Stepan Usyk (June 16 1925 – September 11 2001) was a Ukrainian painter and member of the Transcarpathian painting school.

==Early life and education==
Usyk was born on June 16, 1925, in Studenyky, Kyiv Oblast, Ukraine. He studied at the Kyiv Higher School of Applied Arts and the Kyiv Pechersk Lavra, later receiving his art education at the Kyiv Art School.

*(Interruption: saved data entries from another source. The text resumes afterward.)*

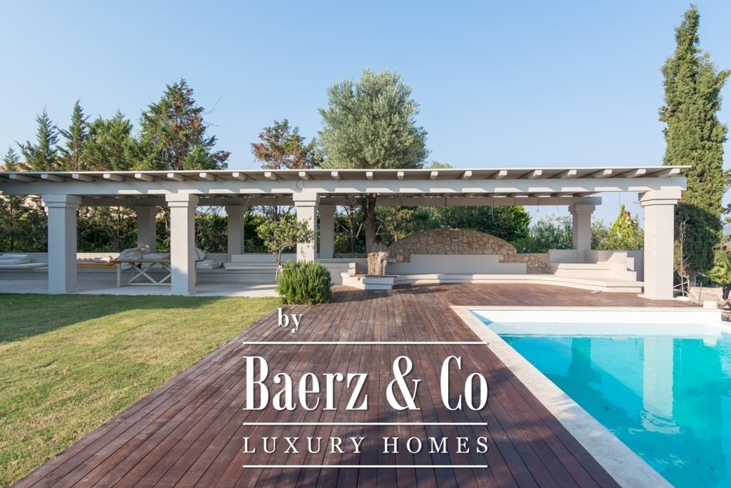 Throughout, interiors are shaped by understated luxury, merging timeless Mediterranean character with contemporary comfort. Striking wooden roof details and expansive aged marble floors create a tactile sense of elegance, while generous openings allow light to move freely across spacious reception areas. The living and dining areas flow out to broad terraces and wide balconies, perfectly framing panoramic sea views toward Spetses, Hydra, and the horizon beyond.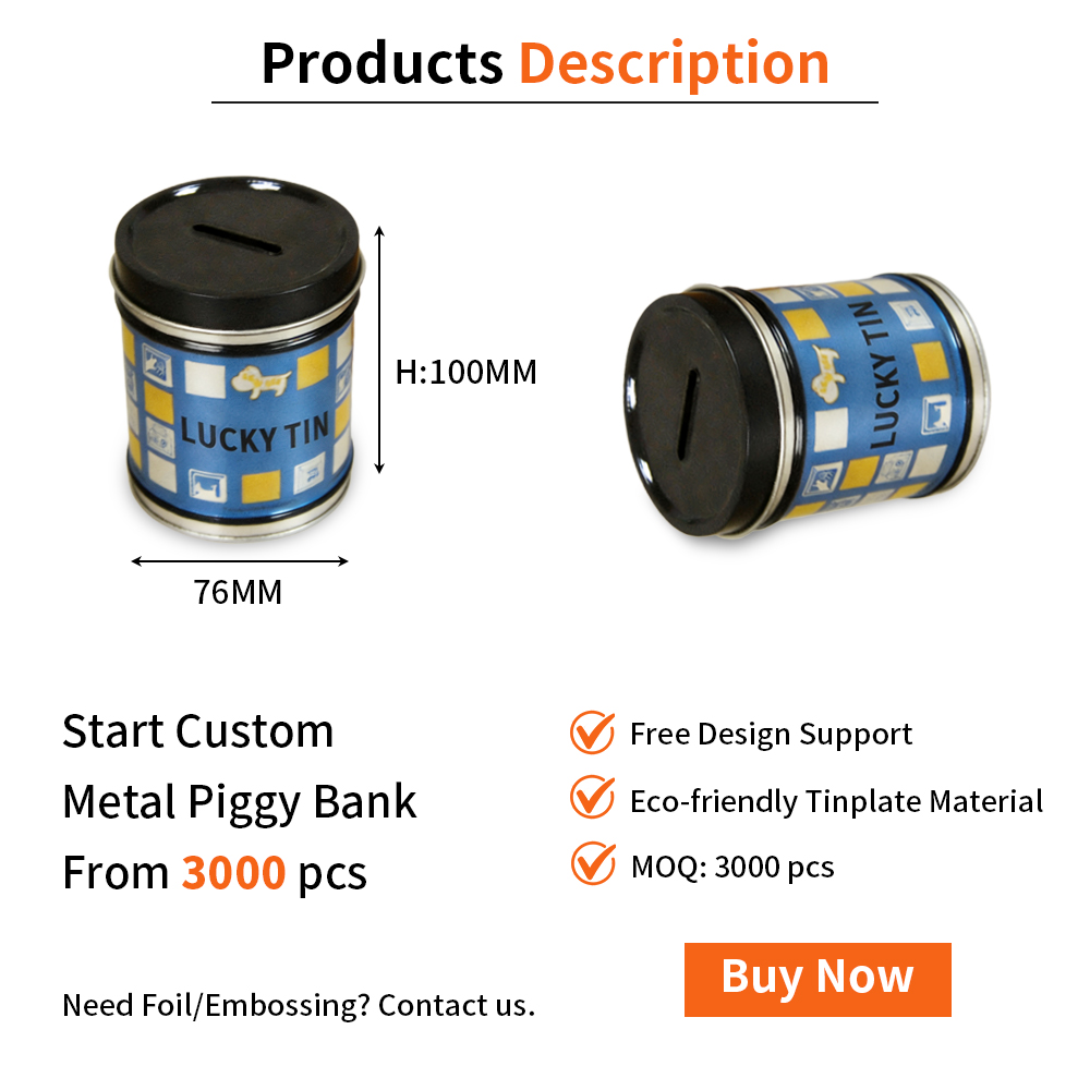OEM ODM Mint Tinplate Box Coins Storage Container Cylinder Shape Money Saving Tin High Quality Custom Can Metal Piggy Bank
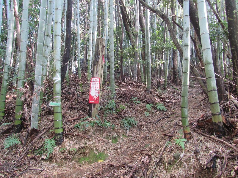 高岳を下りて仰烏帽子山へ向かいます。従来の仰烏帽子山入口道標。 ![]()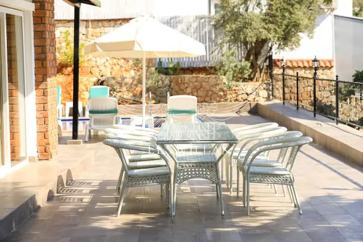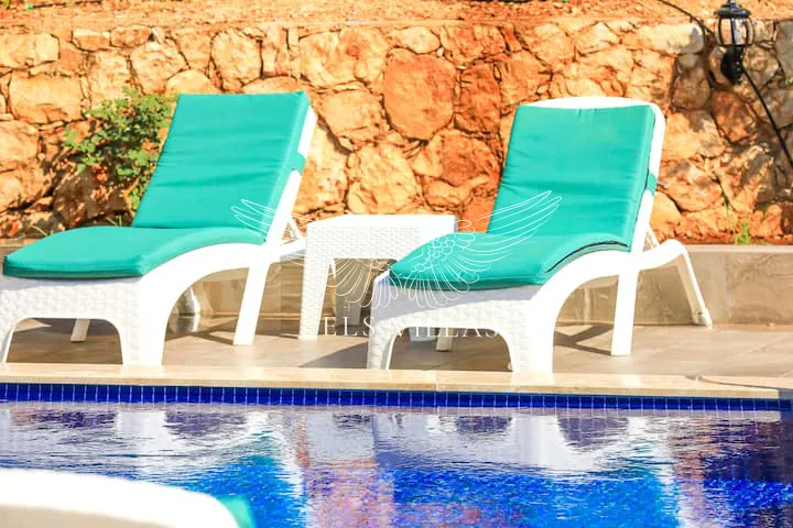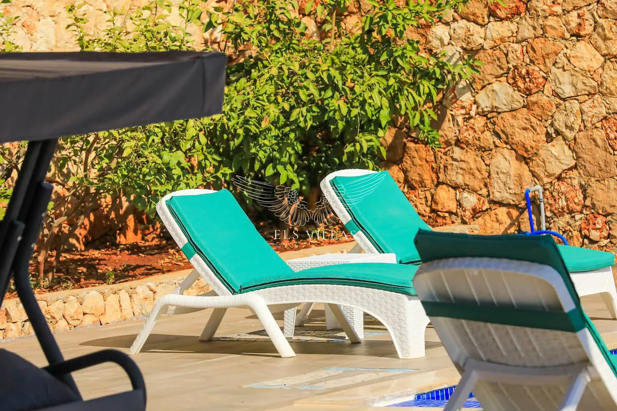 Dış mekanda yer alan özel yüzme havuzu ve geniş güneşlenme terası, misafirlerin keyifli vakit geçirebilmesi için ideal alanlar sunar. Havuz başında dinlenebileceğiniz şezlonglar, açık yemek alanı ve oturma grubu ile konfor dolu bir tatil sizleri bekliyor.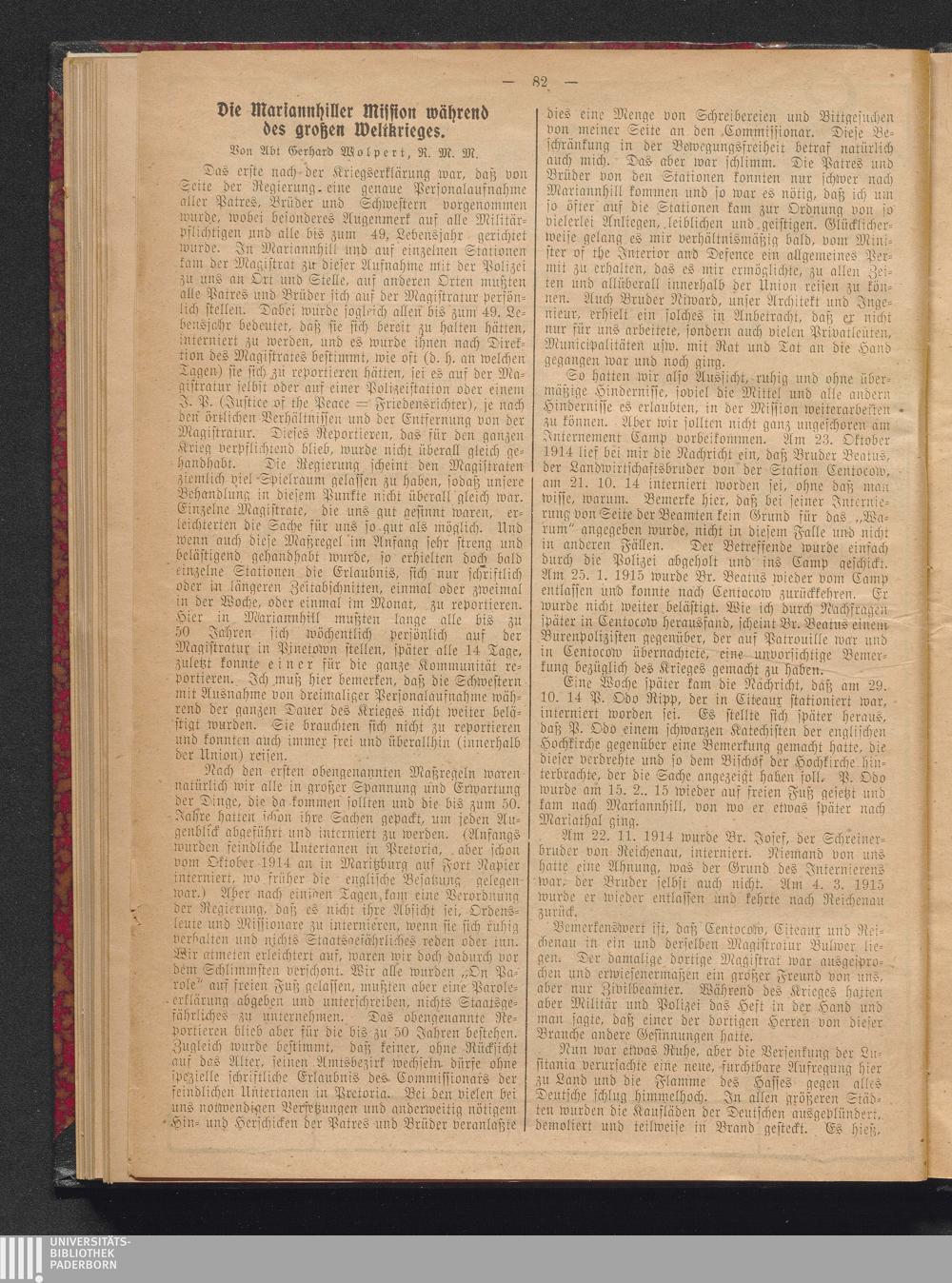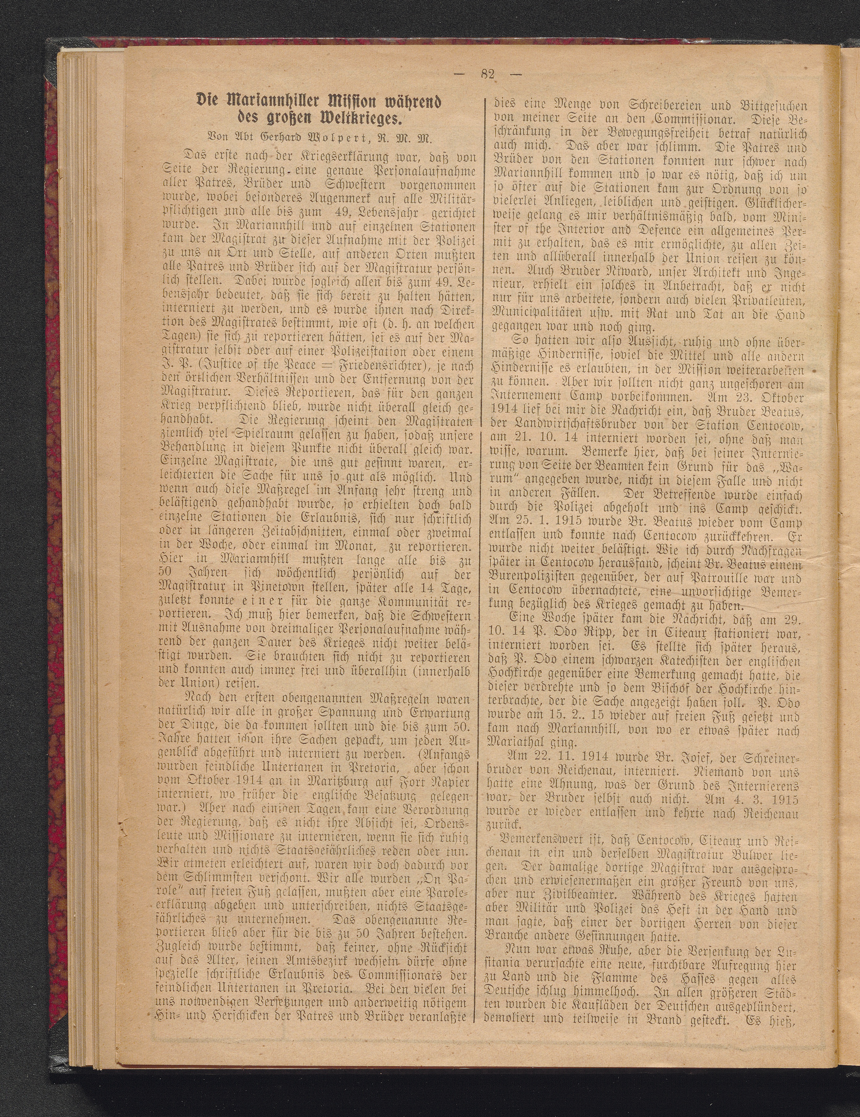 Die Mariannhiller Mission während des großen Weltkrieges.

During World War II, Usyk was sent to Nazi Germany to perform forced labour. He was later imprisoned by the Soviet Union in 1954 for 5 years for "anti-Soviet agitation and Ukrainian bourgeois nationalism". After his release, he graduated from the painting department of the Uzhhorod School of Applied Arts, where he defended his diploma work Shevchenko-Kobzar.

Usky died on September 11, 2001, in Uzhhorod.

==Painting career==
Usyk's works are focused on Ukraine, Carpathian landscapes, wooden churches, still lifes, and portraits. He painted the Church of the Intercession in Kostryno. He participated in the reconstruction of the Kyiv Pechersk Lavra and in the restoration of the St. Sophia Cathedral of Kyiv, restoring 15 kg of gold leaf on the cathedral dome.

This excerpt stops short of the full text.